Heroes, Inc. Presents Cannon is a two-issue comic book series that represents one of the earliest independent comics. The first issue was self-published by prominent writer-artist Wally Wood in 1969, with a second issue published by CPL Gang Publications in 1976.

This comic-book series is unrelated to the organization HEROES, Inc. ("Honor Every Responsible Officer's Eternal Sacrifice"), a Washington, D.C., aid group for families of police and firefighters killed in the line of duty.

==Publication history==
Writer-artist Wally Wood, who by 1969 had had a critically admired two decades in comic books, self-published the first issue of his mature-audience comic Heroes, Inc. Presents Cannon that year, after having already self-published a similar anthology, witzend. These comics, along with such titles by other publishers as Star Reach (1974), Big Apple Comix (1975), and American Splendor (1976), helped bridge the gap between the countercultural underground comics and traditional mainstream fare, providing genre stories for an adult audience. Like those other examples, it was a forerunner of the late-1970s rise of the modern graphic novel and the 1980s independent-comic publishing boom.

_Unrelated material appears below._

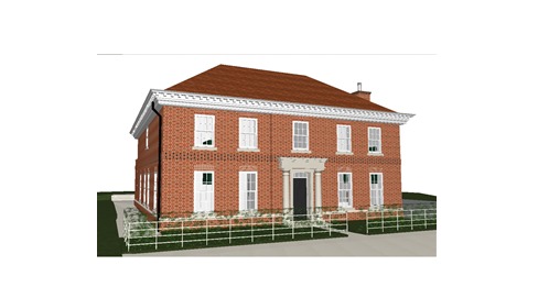 keep same angle of image generate a hyper realistic visual of this exact house the house is red brick with back brick on edge detailing the dentals and white soffit and fascia as per the drawing the windows also white make the fence a black post and rail fence with a cream resin bound front driveway the planting is to look semi rural but manicured with some wild planting in the central grassed area make the image aspriational and classy and dont change design or proportions keep same view the house on the left is flint with brick detailing
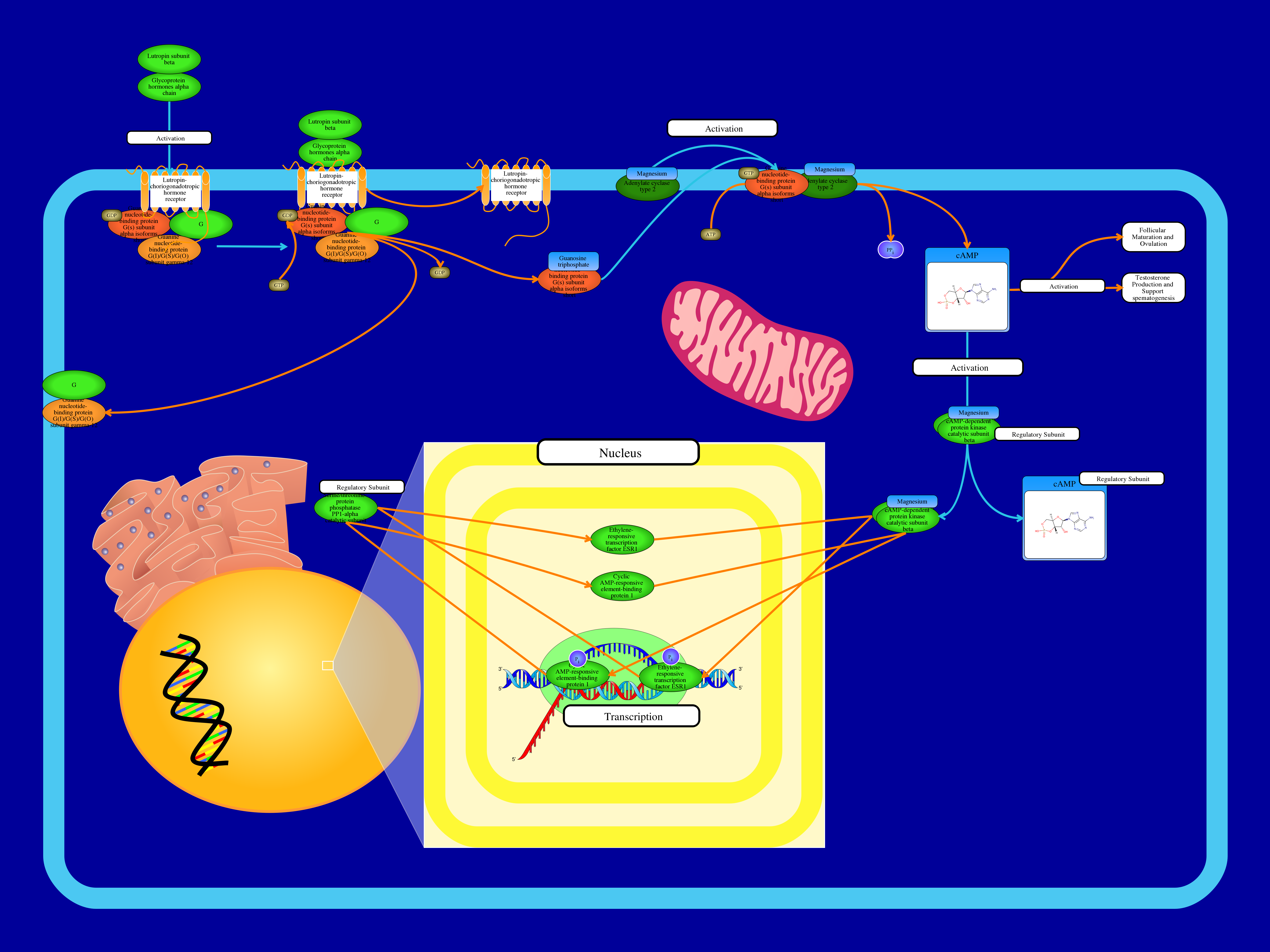 The luteinizing hormone/choriogonadotropin receptor (LHCGR) is a transmembrane G protein-coupled receptor located most prominently in the ovary and testis but also found in organs such as the uterus, breasts, prostate, and seminal vesicles. As its name suggests, the receptor is activated by both luteinizing hormone (LH) and chorionic gonadotropins (e.g. hCG) and plays an important role in the regulation of reproduction. In the ovaries, activation of LHCGR by follicle-stimulating hormone (FSH) leads to follicular maturation and ovulation. In the testis, LHCGR activation is essential for testosterone production and spermatogenesis. The LHCGR receptor activates G(s) proteins which leads to the activation of adenylyl cyclase and produces the secondary messenger cAMP. cAMP then activates protein kinase A (PKA) which phosphorylates downstream effectors that lead to a specific cellular response. Specifically, LHCGR upregulates the mitochondrial enzyme P450scc (cholesterol side-chain cleavage enzyme) which increases the production of steroid hormones such as testosterone and estrogen.

Created for the military readership Wood had cultivated with his "Sally Forth" feature in Military News and Overseas Weekly, the first issue contained no U.S. Postal Service indicia. The only publishing information was on an editorial page that gave the office address as "Armed Forces Dist., P.O. Box 23635, Pleasant Hill, Calif." Not targeted at children and carrying no Comics Code seal, it contained more action/combat violence and more revealing clothing on young women than did mainstream comics, though it did not contain nudity or gore; most deaths occurred in silhouette, off-panel or indeterminately within battle scenes. The glossy cover promoted "Amazing Adult Adventure".

In October 2005, Heritage Auctions auctioned off a lot containing approximately 70,000 copies of the issue.

===First issue===
The 32-page, color comic book featured three stories with original characters. Priced at 15 cents when a typical comic book cost 12 cents, it bore no issue number. The cover was signed "Wally Wood 1969". The inside front cover bore a full-page ad for Mesa Hills home sites, P.O. Box 788m Santa Fe, New Mexico. A full-page ad following the first story advertised National Diamond Sales, 437 12th Street, Oakland, California. The following page contained two stacked, half-page public-service ads, one for the U.S.O., the other for U.S. Savings Bonds. A Military Diamond Sales ad after the second story gave the same address as the editorial office. Following the stories came a full-page ad for U.S. Diamond Sales, 1128 Broadway, Oakland, California. The inside back cover contained the text piece "Salute to a Medal of Honor Winner", with a black-and-white photo of U.S. Marine Corps Corporal Robert E. O'Malley. The back cover was yet another diamond-company ad, for Armed Forces Diamond Sales, 1126 Broadway, Oakland, California.

The 12-page "Cannon", written and inked by Wood, penciled by Steve Ditko and credited as "Wally Wood 1969" and "Art by Ditko and Wood", was an espionage adventure starring the titular C.I.A. agent, who has been brainwashed so deeply during capture by Cold War Communists that, when recovered by the United States military, scientists "go all the way" and continue brainwashing him as a covert assassin for the U.S. He is assigned to rescue or assassinate Jean Voss, a young member of an American anti-missile defense lab, who was kidnapped by Asian, presumably Red Chinese, Communists with a base on the Yucatán Peninsula.

"Cannon" went on to be published in serial form, in the U.S. Army's Overseas Weekly, starting in 1971.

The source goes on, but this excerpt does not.